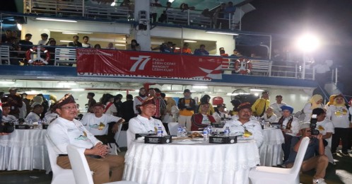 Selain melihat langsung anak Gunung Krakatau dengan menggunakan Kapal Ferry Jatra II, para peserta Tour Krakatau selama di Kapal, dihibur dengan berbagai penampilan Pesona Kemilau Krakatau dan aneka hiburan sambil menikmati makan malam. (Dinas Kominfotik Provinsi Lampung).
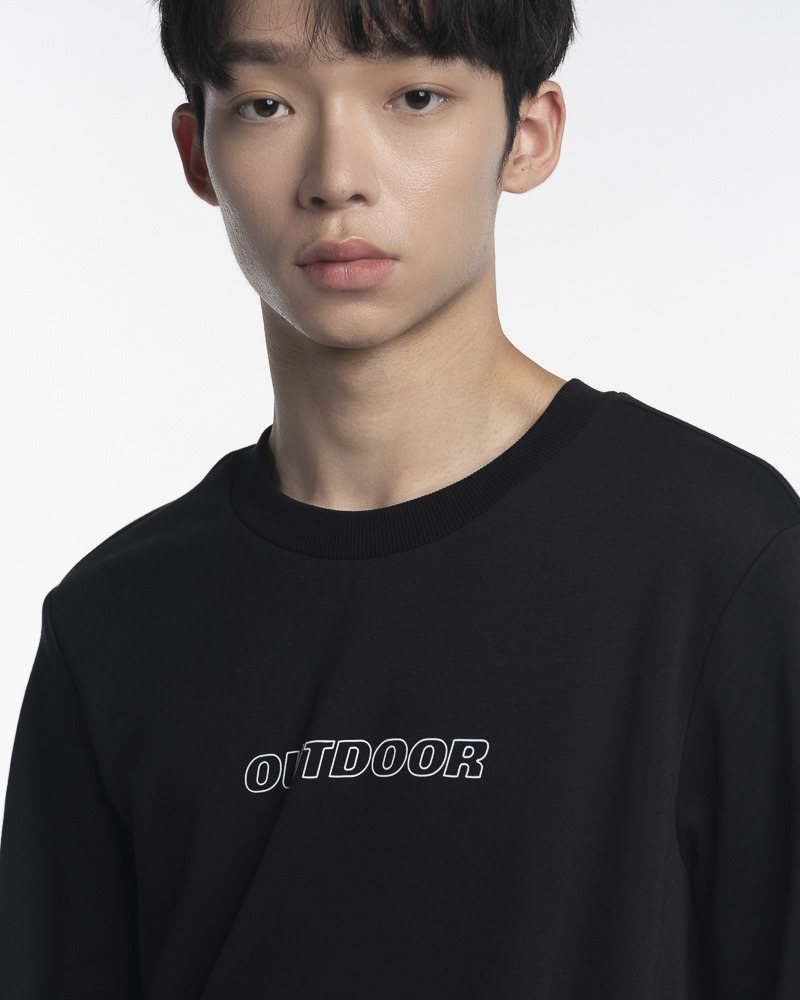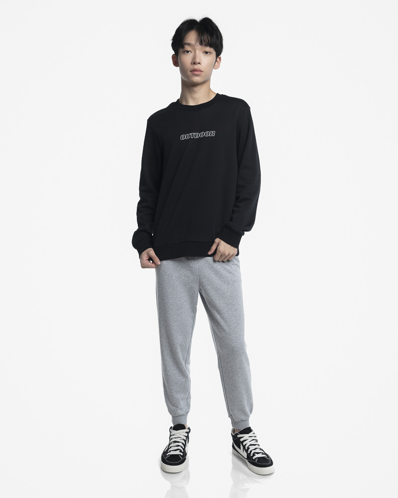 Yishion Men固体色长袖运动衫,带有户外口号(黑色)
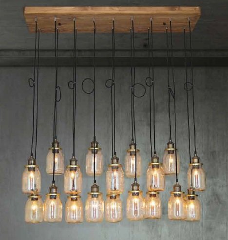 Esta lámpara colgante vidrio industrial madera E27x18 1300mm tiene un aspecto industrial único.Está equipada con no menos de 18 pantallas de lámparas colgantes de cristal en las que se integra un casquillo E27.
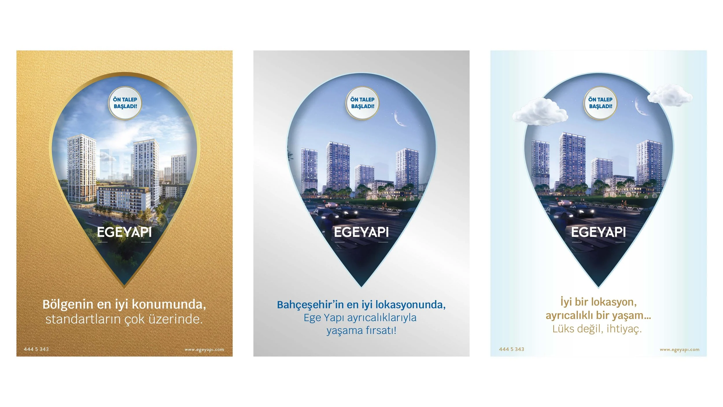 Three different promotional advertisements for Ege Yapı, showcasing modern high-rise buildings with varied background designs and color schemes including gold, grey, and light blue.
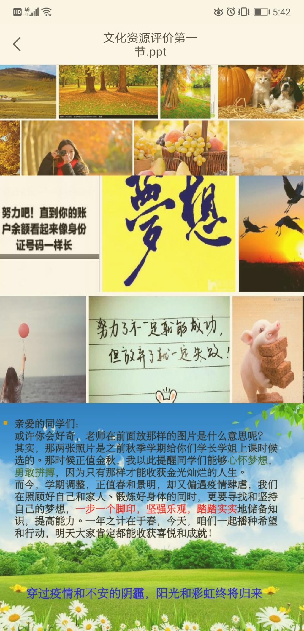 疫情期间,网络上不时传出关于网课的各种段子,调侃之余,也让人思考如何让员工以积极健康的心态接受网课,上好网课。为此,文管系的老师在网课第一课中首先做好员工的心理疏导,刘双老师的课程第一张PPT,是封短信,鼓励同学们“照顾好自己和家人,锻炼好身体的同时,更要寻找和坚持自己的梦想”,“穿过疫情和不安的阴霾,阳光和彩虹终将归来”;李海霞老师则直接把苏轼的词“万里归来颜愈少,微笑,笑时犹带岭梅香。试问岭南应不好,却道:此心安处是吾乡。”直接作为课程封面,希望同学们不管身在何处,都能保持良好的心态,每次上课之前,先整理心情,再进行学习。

* * * * * * * * *

— Exercise —
Reproduce the material exactly. Pictures stay out.

— Written answer —
 Selain melihat langsung anak Gunung Krakatau dengan menggunakan Kapal Ferry Jatra II, para peserta Tour Krakatau selama di Kapal, dihibur dengan berbagai penampilan Pesona Kemilau Krakatau dan aneka hiburan sambil menikmati makan malam. (Dinas Kominfotik Provinsi Lampung).
 Yishion Men固体色长袖运动衫,带有户外口号(黑色)
 Esta lámpara colgante vidrio industrial madera E27x18 1300mm tiene un aspecto industrial único.Está equipada con no menos de 18 pantallas de lámparas colgantes de cristal en las que se integra un casquillo E27.
 Three different promotional advertisements for Ege Yapı, showcasing modern high-rise buildings with varied background designs and color schemes including gold, grey, and light blue.
 疫情期间,网络上不时传出关于网课的各种段子,调侃之余,也让人思考如何让员工以积极健康的心态接受网课,上好网课。为此,文管系的老师在网课第一课中首先做好员工的心理疏导,刘双老师的课程第一张PPT,是封短信,鼓励同学们“照顾好自己和家人,锻炼好身体的同时,更要寻找和坚持自己的梦想”,“穿过疫情和不安的阴霾,阳光和彩虹终将归来”;李海霞老师则直接把苏轼的词“万里归来颜愈少,微笑,笑时犹带岭梅香。试问岭南应不好,却道:此心安处是吾乡。”直接作为课程封面,希望同学们不管身在何处,都能保持良好的心态,每次上课之前,先整理心情,再进行学习。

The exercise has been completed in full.